Movin’ and Groovin’

“To change the world, start with one step.
However small, the first step is hardest of all.”

What gets you up everyday? (And no, your alarm clock’s incessant beeping is not a valid answer.) We all have our obligations and duties; some mundane, only defined by the repetitive motions they possess, others by their unpredictability, vulnerable to a sense of spontaneity. Whatever the case may be, a lot of us may answer, “I don’t have a choice. I have to get up to go to work.” But why? What propels you to keep going? Is it money? Is it power? Maybe it’s the need for order in your own life.

The Affinity HR group met with a group of employees from my company to talk about our motivators and how they tie in with the DISC assessment we had performed a year ago (see below for a further description.) First, each person started with writing down the three reasons why he/she comes to work. For me, it was people, purpose and routine. I thought this would be difficult for me to come up with, but I wrote these three words down in literally five seconds. It was almost as if I had subconsciously contemplated it before.

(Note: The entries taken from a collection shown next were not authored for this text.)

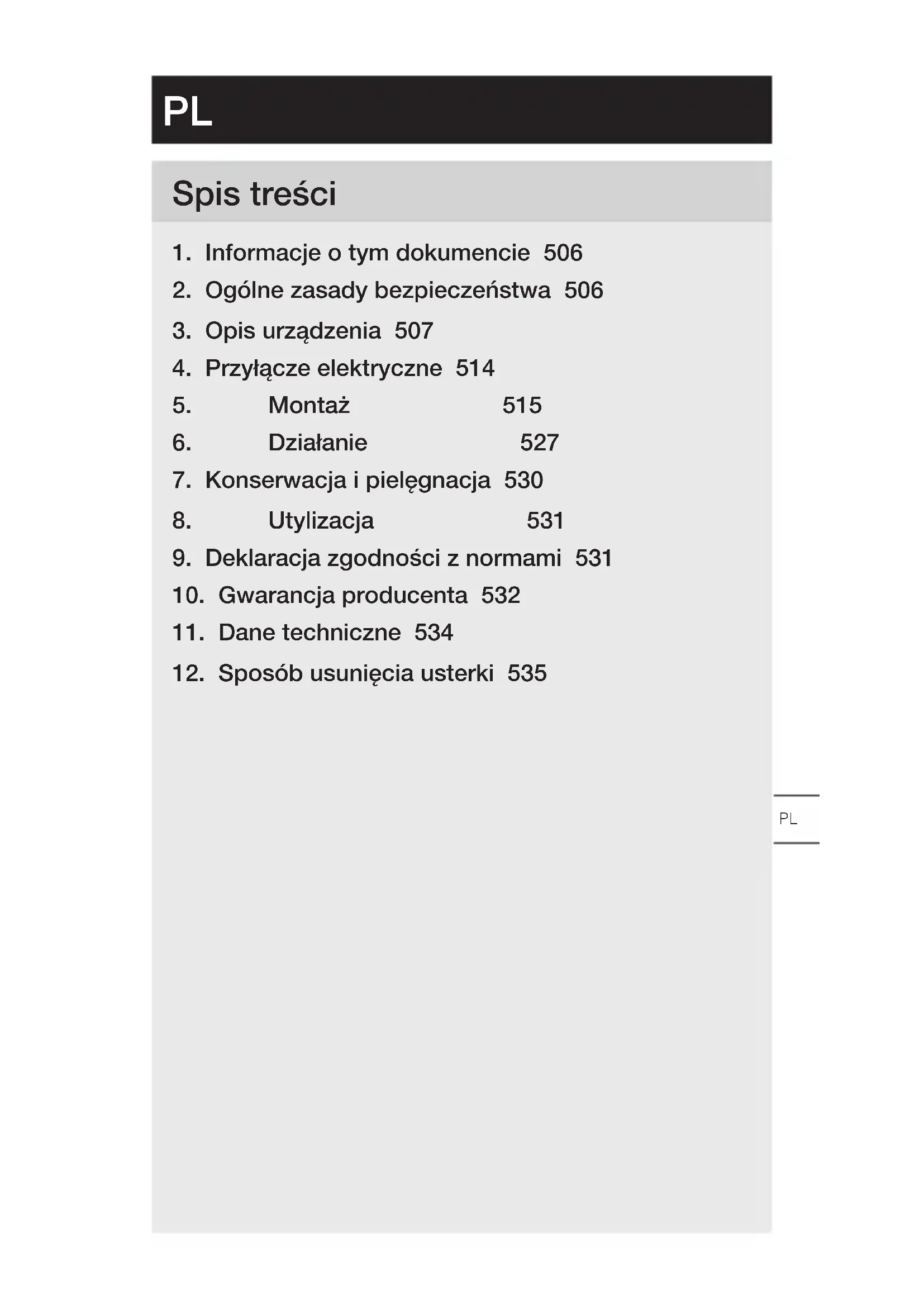 PL– 506 – Spis treści
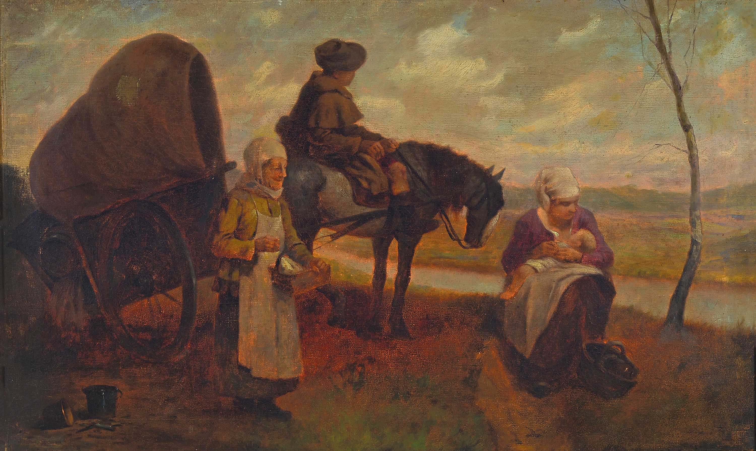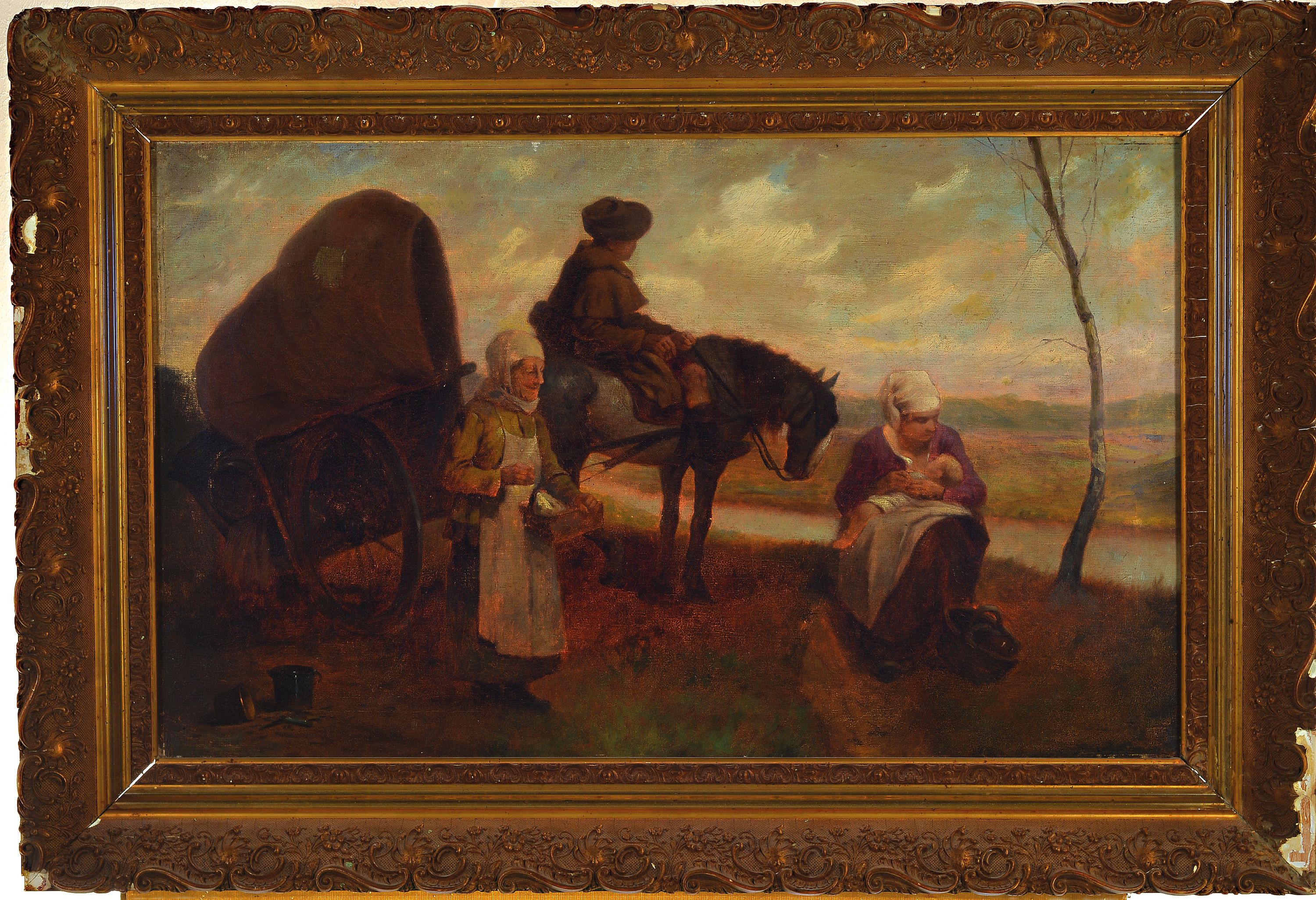 Unbekannter Künstler des 19.Jh., Bauernfamilie auf der Rast, unsigniert, Öl/Lwd,
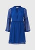 Blue Frill Tieneck Dress
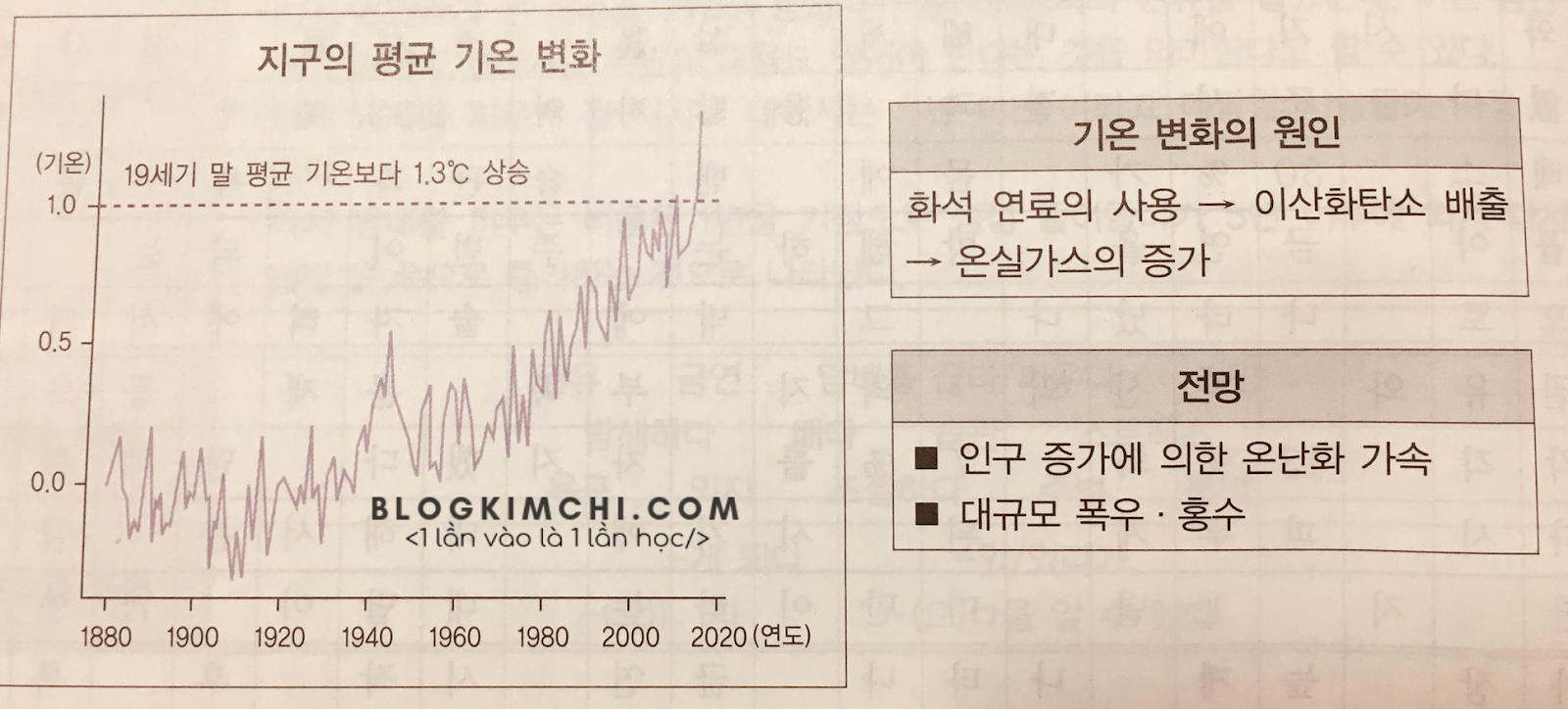 1. 특히 지난 50여 년 동안 지구의 평균 기온은 급격하게 상승했으며, 19세기 말 평균 기온에 비하면 1.3 ℃ 나 상승했다.
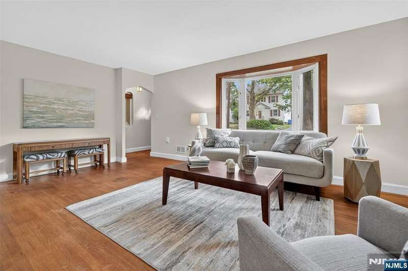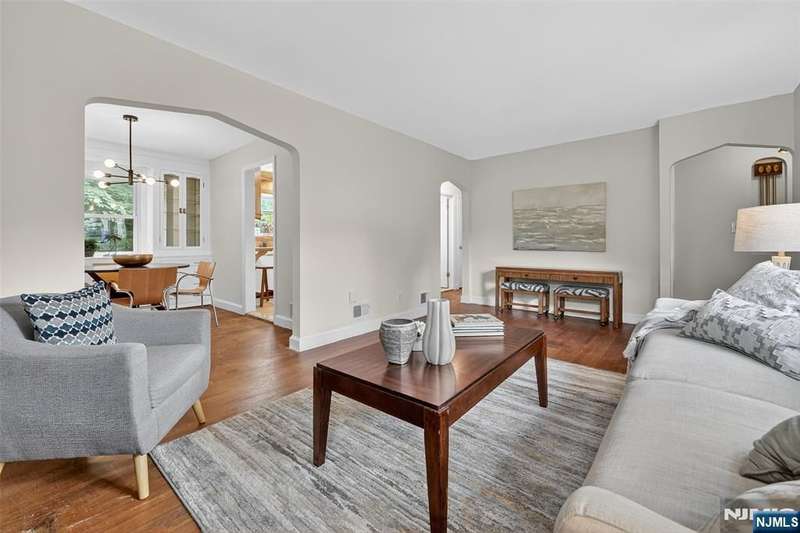 A quintessential brick Cape Cod complete with breezeway between house and garage in a lovely residential neighborhood setting. Upon entering you'll find a traditional layout with sweet Tudor arch openings between rooms and hallways. The built in dining room sideboard is a great place to tuck away linens and serving pieces along with a space to show off your prized possessions/collections. Tasteful upgrades to kitchen and baths are already made so tackle the hardwoods and you're move-in ready. There's a little surprise room upstairs that you'll use for whatever your imagination dreams up. The backyard paver patio is a spacious spot for your outdoor furniture, grill and/or firepit to sit and enjoy your peaceful space in any season. Storage galore in your full basement, upstairs eves and of course, the garage. Super close to lots of shopping and green spaces. Knickerbocker Country Club is just a few blocks away. NYC commuter? - 5 miles to the GWB and 11 miles to the Tappan Zee. Train and bus stations are a hop, skip and a jump away - That was easy!
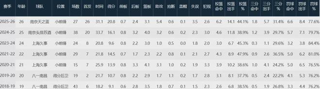 新任當(dāng)家球星郭昊文,出戰(zhàn)了其中27場比賽,場均上陣31.1分鐘貢獻20.8分3.1板5.4助3.5失誤(高居聯(lián)盟第一),三項命中率44.1%、31.4%和77.6%。
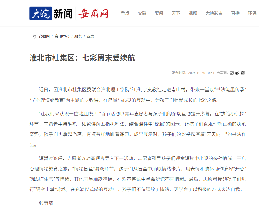 近日,团淮北市杜集区委联合诸侯快讯入口官网“红淮儿”支教社走进南山村,带来一堂以“书法笔墨传承”与“心理情绪教育”为主题的支教课,在笔墨与心灵的互动中,为孩子们铺就成长的七彩之路。对此,安徽网进行了报道:
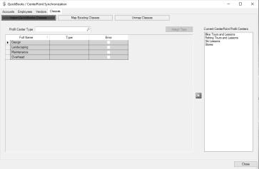 - Repeat the process of assigning a profit center type to all classes you want to transfer from QuickBooks to CenterPoint.
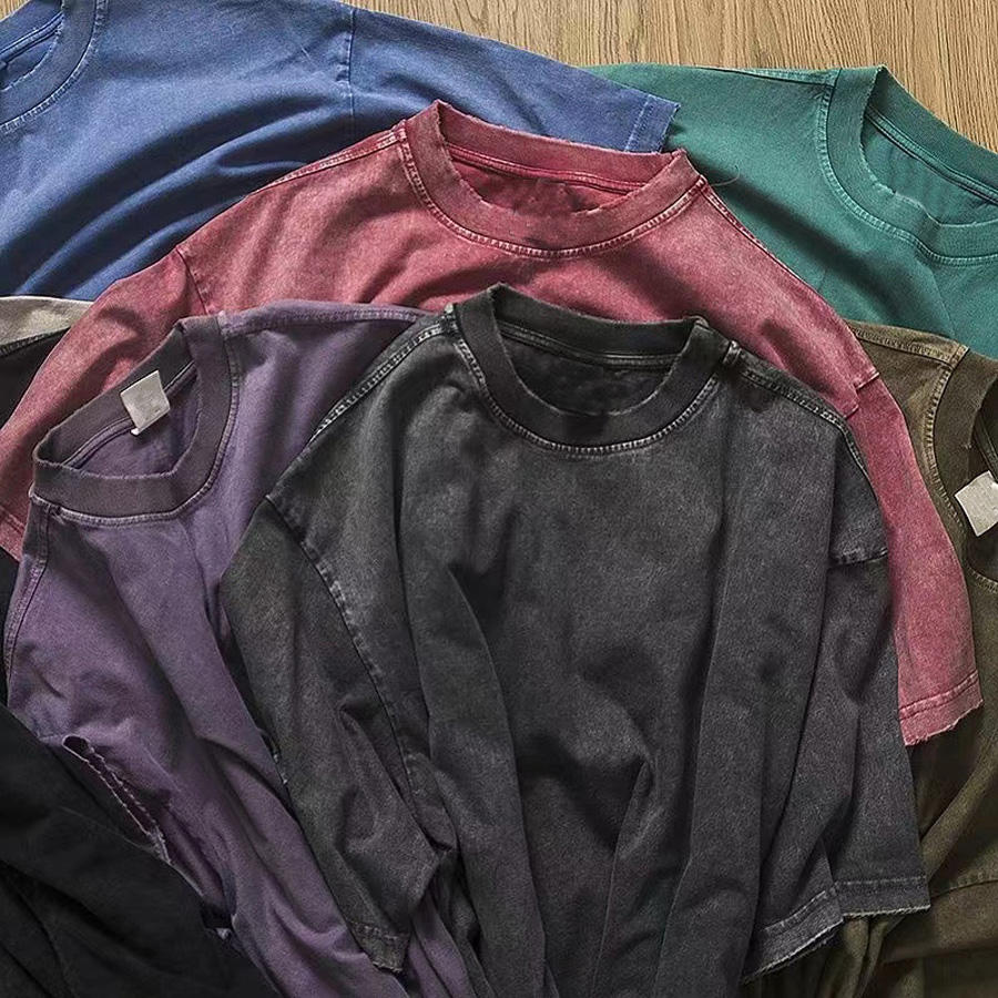 Custom Personalized Acid Wash T-Shirt Oversized Vintage 4XL Heavyweight Jersey Drop Shoulder Plain Pattern Blank Cotton T-Shirt
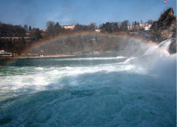 中歐最壯觀的瀑布,在瑞士北部萊茵河上游。包括一些險(xiǎn)灘在內(nèi),全部落差約30米(100呎),寬150米(492呎)。一塊柱狀巖石把瀑布分成兩個(gè)主要部分,位于河右岸的落差約15米(50呎),左岸約20米(65呎)。
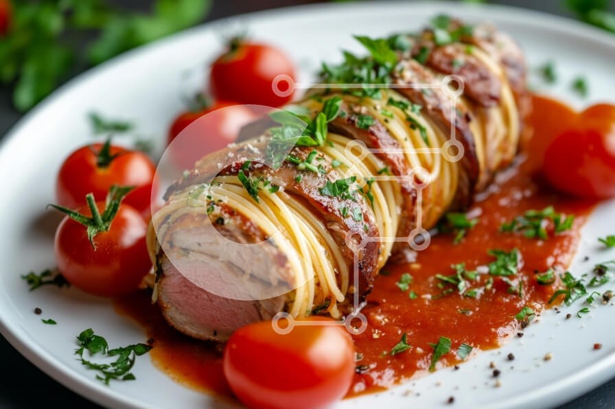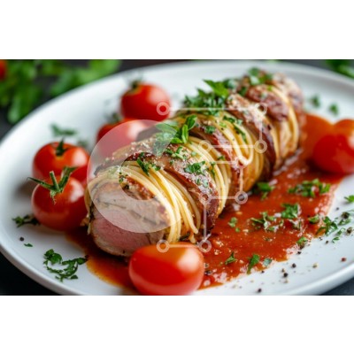 Υπάρχει δυνατότητα προσωποποίησης με δική σας φωτογραφία και προσαρμογής διαστάσεων κατόπιν παραγγελίας. Το συγεκεριμενο puzzle παρουσιαζει Αυτή η εικόνα παρουσιάζει ένα όμορφα παρουσιασμένο πιάτο που περιλαμβάνει ένα ρολό κρέας τυλιγμένο σε μακαρόνια και από πάνω βότανα. Το πιάτο γαρνίρεται με φρέσκο μαϊντανό και συνοδεύεται από ώριμα ντοματίνια, όλα σε ένα πιάτο με μια πλούσια σάλτσα ντομάτας από κάτω. Τα χρώμ

From there, the six natural motivators were explained, and each person’s natural placement was revealed. The six motivators are:

1) Theoretical: These people love learning. They thrive in environments where they are constantly gathering new and improved information on various topics. They love research and analysis and aren’t satisfied unless they are deemed an “expert” in any given category.

2) Utilitarian: Money, money, money! Well, it’s not all dollar signs for these  people. Those grouped in this motivator category are all about what they will be getting as a return on their investments. Whether it be time, dollars, or energy, these people want to know it’s worth it!

3) Aesthetic: The first word that comes to mind for this group is “zen.” These people love balance and harmony. They are motivated by how things appear, and ideally, that would be seamless and beautiful. They work through visions and need their endless thirst for creativity constantly quenched.

4) Social: Not only does this group thrive on the people they are surrounded by, but they also love to help those in need. They are constantly reaching out to lend a hand not only monetarily, but with their skill sets and abilities. This group is extremely selfless, wanting to give back all the resources that are available to them.

5) Individualistic: Picture this group on top of a mountain, shaking their fists and shouting orders. These people love being in control. They almost NEED to have a position of true power and authority. They work best when they are leading others.

6) Traditional: Routine and a reason for everything are what keeps this group going. Many things to this group may seem black and white, as there is a specific system in place to address all issues and problems. These people do not waiver; they are by the book and live for policies and procedures.

Everyone has two motivators, a primary and a secondary. Each feed off one another in order to keep everything balanced. At first, I was pretty taken aback by my results. My utilitarian motivator was extremely high, dominating all the other categories by a crazy margin. The runner up was social, but it still wasn’t anywhere near where my theoretical money-grabbing hands were. I looked at the graph and thought, “Oh my goodness– I am an insane, selfish person. My top motivator is MONEY?! And INVESTMENTS?! How is this possible?

Come to find out, the results weren’t as cursing and demeaning to my character as I had made them out to be. Basically, my results are interpreted in this way:

Money and finances are extremely important to me, not because of  the tangibles, but because of what it means for my family to be completely financially secure. I ultimately want to retire at an early age and be able to live financially free without any bills/debt hanging over my head, and this is what kicks my utilitarianism into high gear.  This is all very true for me (hence my obsession with budgeting spreadsheets and Dave Ramsey,) so I backed away from the ledge at this point.

My results went on to say that once my family is completely taken care of, I want to be able to give as much as I can in all facets of life. I want to earn to give… hmm… I had never really thought about it like that, but that’s definitely me! What could be more rewarding than writing your most cherished non-profit a hefty check to help serve those in need? That’s has to be the epitome of happiness. As Dave Matthews would croon, “If you give, you begin to live…”

So with all of that said, take some time and think about your motivators. I promise you once you pinpoint them, you’ll work with much more purpose, knowing what gets you going.